§ **Work request**
Using the records below, write out again exactly the lines that begin at the line containing "Emprada Dresses Venice" and end at the line containing "এ নিয়ে ফেসবুকে", and no other lines.

§ **Available records**
- - -

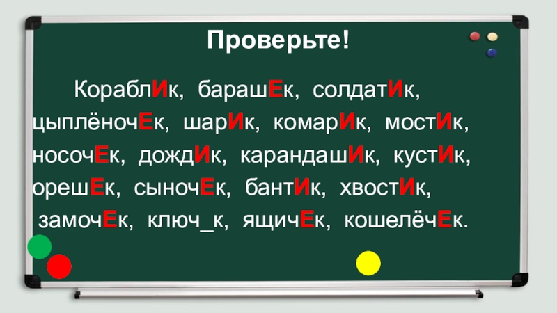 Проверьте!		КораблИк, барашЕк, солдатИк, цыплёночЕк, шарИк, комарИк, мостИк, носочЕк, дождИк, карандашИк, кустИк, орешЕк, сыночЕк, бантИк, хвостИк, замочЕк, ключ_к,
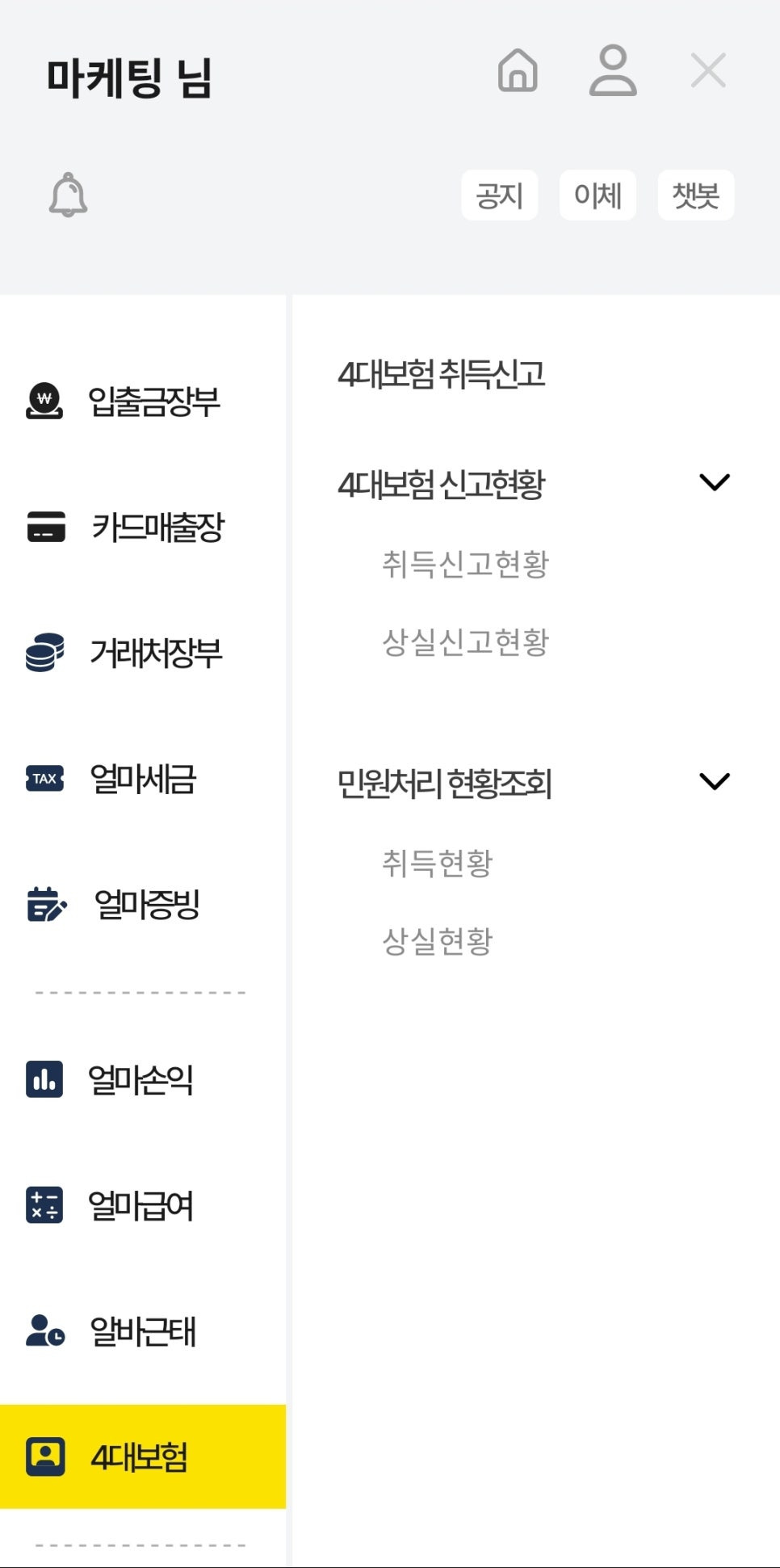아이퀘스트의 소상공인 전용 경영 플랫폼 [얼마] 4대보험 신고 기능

- - -

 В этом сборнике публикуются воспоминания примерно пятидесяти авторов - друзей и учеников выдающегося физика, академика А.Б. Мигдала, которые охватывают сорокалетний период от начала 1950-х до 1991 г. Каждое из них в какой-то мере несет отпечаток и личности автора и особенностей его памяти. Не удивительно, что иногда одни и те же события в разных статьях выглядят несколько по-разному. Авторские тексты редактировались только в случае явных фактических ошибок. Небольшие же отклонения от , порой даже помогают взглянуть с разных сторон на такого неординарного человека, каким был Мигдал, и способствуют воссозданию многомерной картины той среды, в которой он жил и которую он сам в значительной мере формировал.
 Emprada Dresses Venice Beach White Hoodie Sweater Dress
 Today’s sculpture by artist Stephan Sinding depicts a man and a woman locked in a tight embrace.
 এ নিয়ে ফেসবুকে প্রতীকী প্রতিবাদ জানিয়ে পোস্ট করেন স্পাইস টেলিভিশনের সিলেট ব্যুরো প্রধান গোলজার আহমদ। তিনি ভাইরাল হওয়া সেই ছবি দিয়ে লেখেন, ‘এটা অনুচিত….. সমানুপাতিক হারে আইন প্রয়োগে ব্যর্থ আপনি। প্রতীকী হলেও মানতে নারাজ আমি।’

- - -

§ **Answer space**
 Emprada Dresses Venice Beach White Hoodie Sweater Dress
 Today’s sculpture by artist Stephan Sinding depicts a man and a woman locked in a tight embrace.
 এ নিয়ে ফেসবুকে প্রতীকী প্রতিবাদ জানিয়ে পোস্ট করেন স্পাইস টেলিভিশনের সিলেট ব্যুরো প্রধান গোলজার আহমদ। তিনি ভাইরাল হওয়া সেই ছবি দিয়ে লেখেন, ‘এটা অনুচিত….. সমানুপাতিক হারে আইন প্রয়োগে ব্যর্থ আপনি। প্রতীকী হলেও মানতে নারাজ আমি।’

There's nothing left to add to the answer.